Install from pip and serve model

# Install SGLang from pip:
pip install sglang
# Start the SGLang server:
python3 -m sglang.launch_server \
    --model-path "BSC-LT/salamandra-2b-base-gptq" \
    --host 0.0.0.0 \
    --port 30000
# Call the server using curl (OpenAI-compatible API):
curl -X POST "http://localhost:30000/v1/completions" \
	-H "Content-Type: application/json" \
	--data '{
		"model": "BSC-LT/salamandra-2b-base-gptq",
		"prompt": "Once upon a time,",
		"max_tokens": 512,
		"temperature": 0.5
	}'

Use Docker images

docker run --gpus all \
    --shm-size 32g \
    -p 30000:30000 \
    -v ~/.cache/huggingface:/root/.cache/huggingface \
    --env "HF_TOKEN=<secret>" \
    --ipc=host \
    lmsysorg/sglang:latest \
    python3 -m sglang.launch_server \
        --model-path "BSC-LT/salamandra-2b-base-gptq" \
        --host 0.0.0.0 \
        --port 30000
# Call the server using curl (OpenAI-compatible API):
curl -X POST "http://localhost:30000/v1/completions" \
	-H "Content-Type: application/json" \
	--data '{
		"model": "BSC-LT/salamandra-2b-base-gptq",
		"prompt": "Once upon a time,",
		"max_tokens": 512,
		"temperature": 0.5
	}'

Docker Model Runner
How to use BSC-LT/salamandra-2b-base-gptq with Docker Model Runner:
```
docker model run hf.co/BSC-LT/salamandra-2b-base-gptq
```

Salamandra-2b-gptq Model Card

This model is the gptq-quantized version of Salamandra-2b for speculative decoding.
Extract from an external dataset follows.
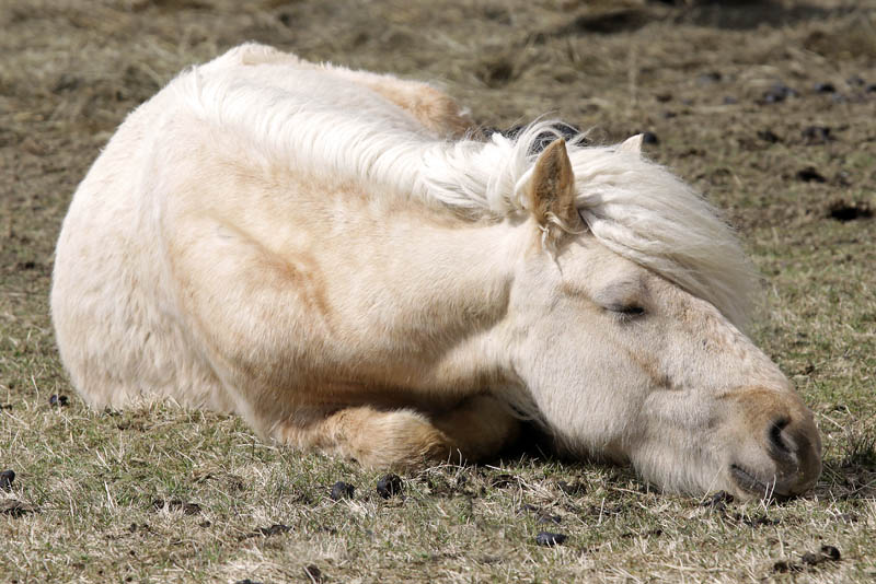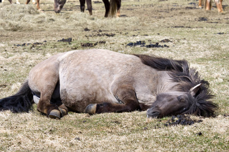 Viele liegen entspannt im Gras und schlafen - wenn auch manchmal mit einer ordentlichen Ladung Pferdeäpfeln direkt vor den Nüstern.

The model weights are quantized from FP16 to W4A16 (4-bit weights and FP16 activations) using the GPTQ algorithm. Inferencing with this model can be done using VLLM.
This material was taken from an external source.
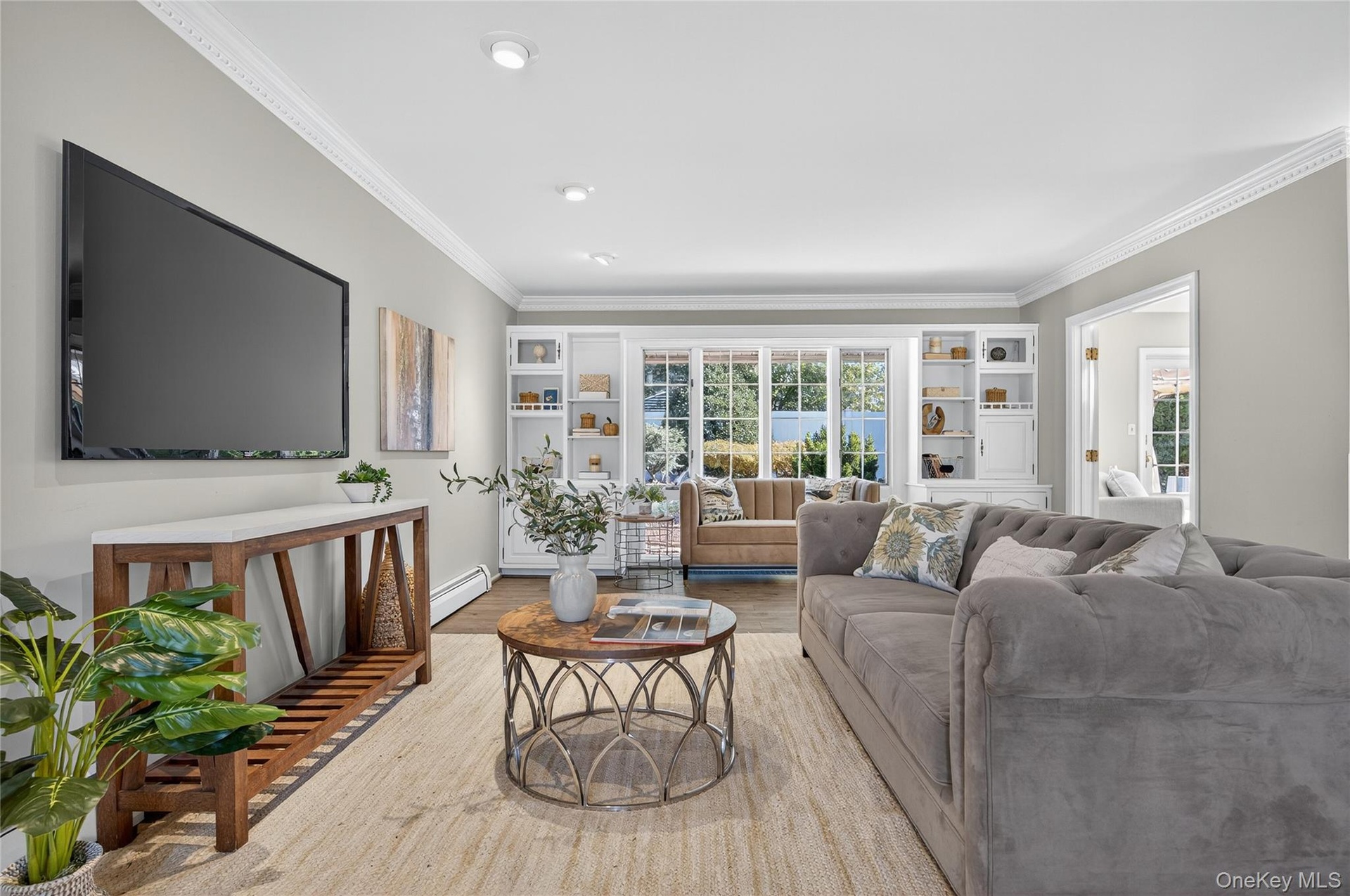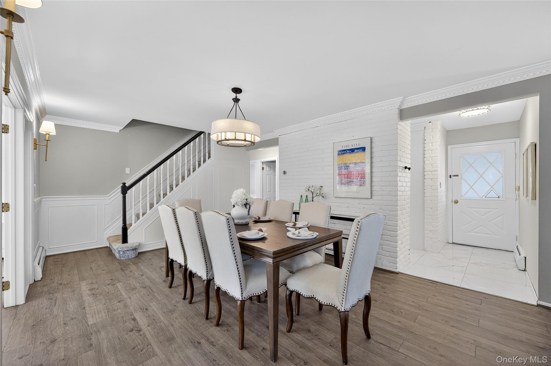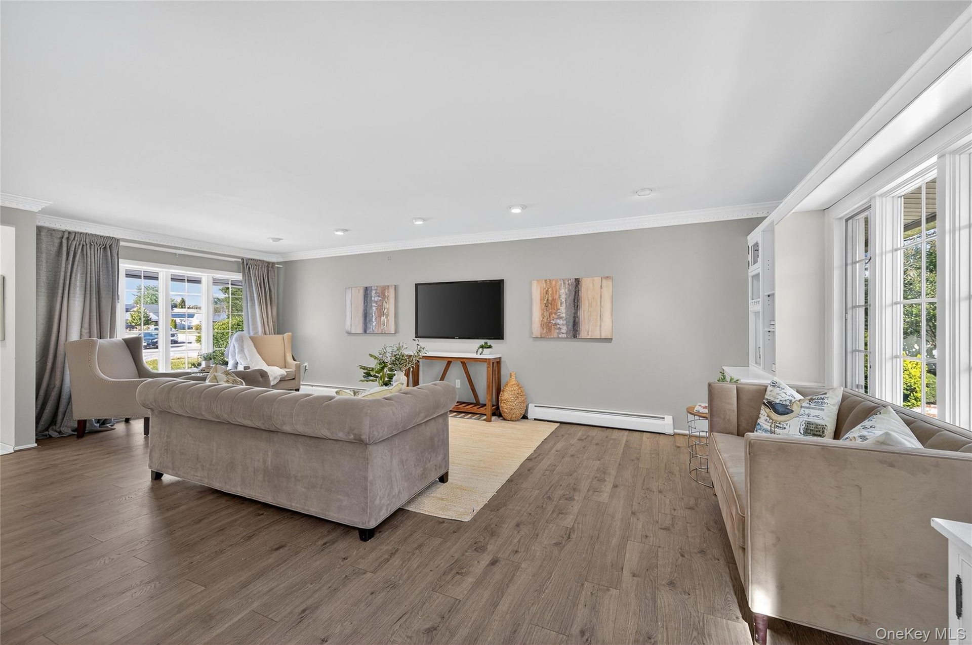 Sun flooded Cape cod style home in East Meadow Schools! Updated and nicely appointed with expanded cape is situated in a lovely neighborhood setting just minutes from extraordinary Eisenhower Park, fabulous shopping, dining and major transportation. The circular drive creates easy parking for owners and guests and the landscaping enhances the home's curb appeal. The entry foyer leads into the front to back living room, with built-in, hi hat lighting, and decorative moldings. The open floor plan is great for entertaining and the formal dining room opens to the the skylit den and sliders on out to the private backyard. There is an updated kitchen with stainless steel appliances, stone counters and backsplash, lots of cabinetry and double sink. There are 2 bedrooms on this level and a updated full bath and upstairs are three bedrooms and another updated bath. Additional features include neutral decor, tile flooring, hardwood floors, updated windows, great light throughout, private, fenced yard with brick patio and lush landscaping. A must see!

Salamandra is a highly multilingual model pre-trained from scratch that comes in three different sizes — 2B, 7B and 40B parameters — with their respective base and instruction-tuned variants, promoted and financed by the Government of Catalonia through the Aina Project and the Ministerio para la Transformación Digital y de la Función Pública - Funded by EU – NextGenerationEU within the framework of ILENIA Project with reference 2022/TL22/00215337.
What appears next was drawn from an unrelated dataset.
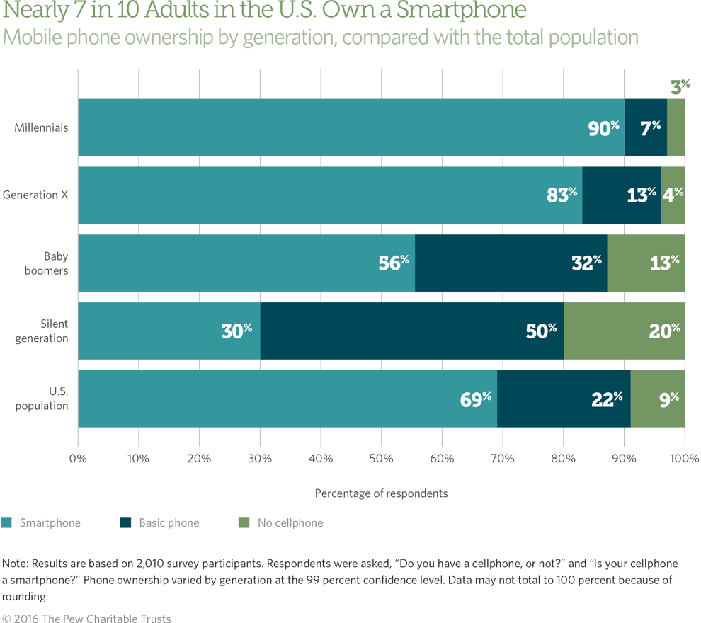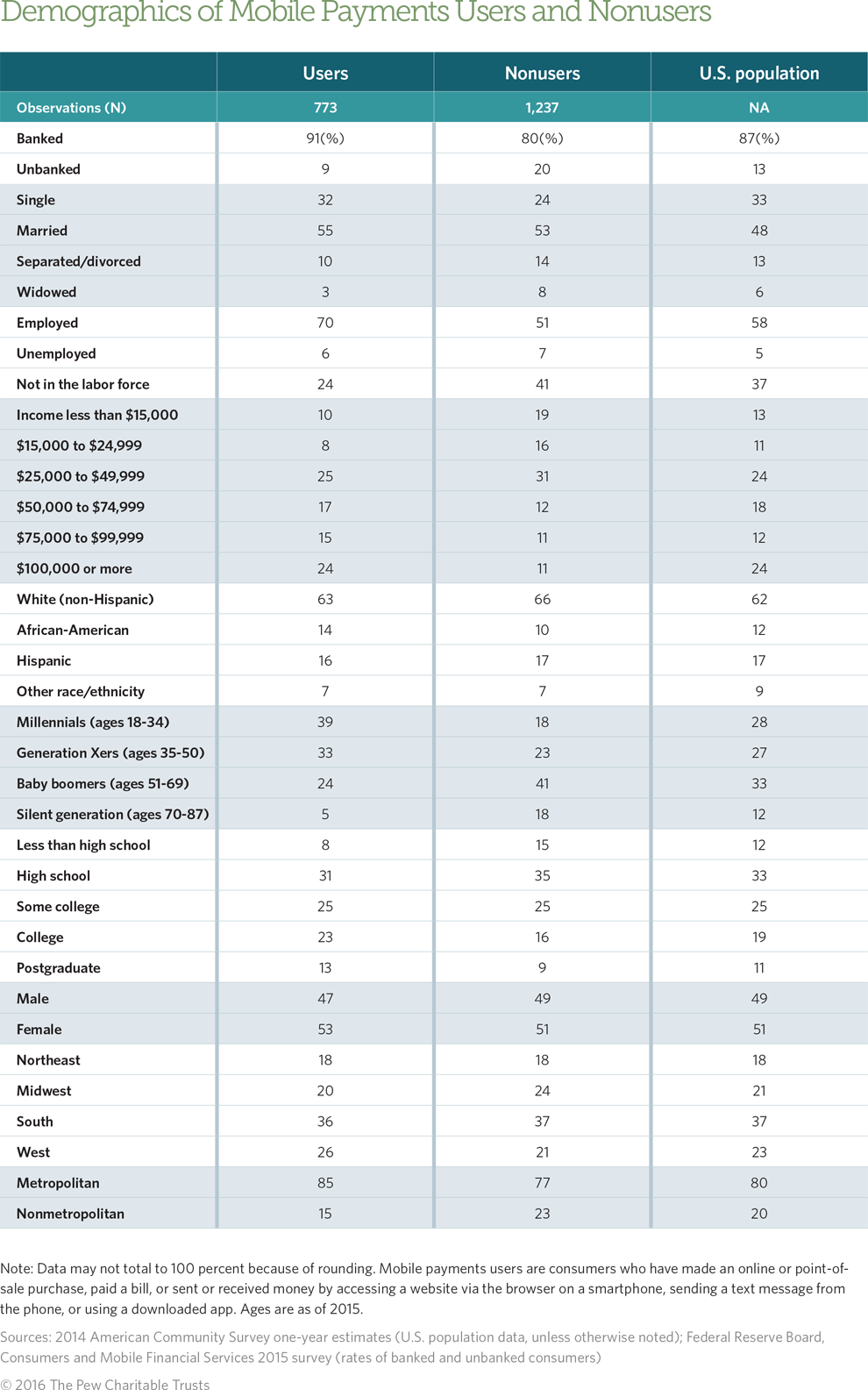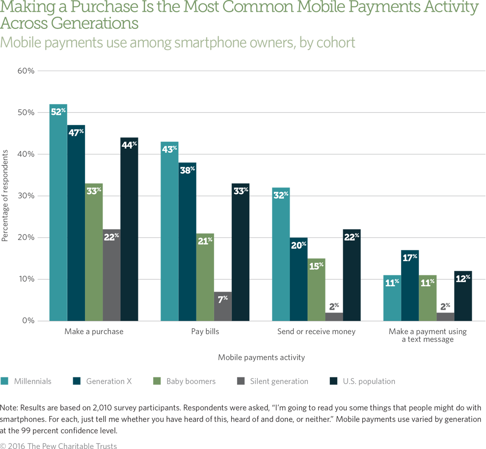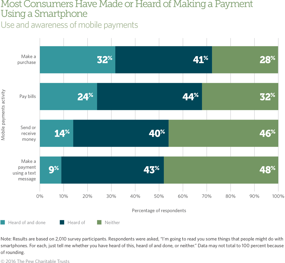 - Mobile banking—bill pay, funds transfers, and payments transacted on a smartphone via a bank’s website or app—is a widely used precursor to mobile payments; for more information, see The Pew Charitable Trusts, “Is This the Future of Banking? Focus Group Views on Mobile Payments” (January 2016), http://www.pewtrusts.org/~/media/assets/2016/01/ cb_futurebankingissuebrief.pdf.

This model card corresponds to the gptq-quantized version of Salamandra-2b for speculative decoding.

The entire Salamandra family is released under a permissive Apache 2.0 license.

How to Use

The following example code works under Python 3.9.16, vllm==0.6.3.post1, torch==2.4.0 and torchvision==0.19.0, though it should run on any current version of the libraries. This is an example of how to create a text completion using the model:

from vllm import LLM, SamplingParams

model_name = "BSC-LT/salamandra-2b-base-gptq"
llm = LLM(model=model_name)

outputs = llm.generate("El mercat del barri ",
                       sampling_params=SamplingParams(
                           temperature=0.5,
                           max_tokens=200)
                       )
print(outputs[0].outputs[0].text)

Author

International Business Machines (IBM).

Copyright

International Business Machines (IBM).

Contact

For further information, please send an email to langtech@bsc.es.

Acknowledgements

We appreciate the collaboration with IBM in this work. Specifically, the IBM team created gptq-quantized version of the Salamandra-2b model for speculative decoding released here.

Disclaimer

Be aware that the model may contain biases or other unintended distortions. When third parties deploy systems or provide services based on this model, or use the model themselves, they bear the responsibility for mitigating any associated risks and ensuring compliance with applicable regulations, including those governing the use of Artificial Intelligence.

Barcelona Supercomputing Center and International Business Machines shall not be held liable for any outcomes resulting from third-party use.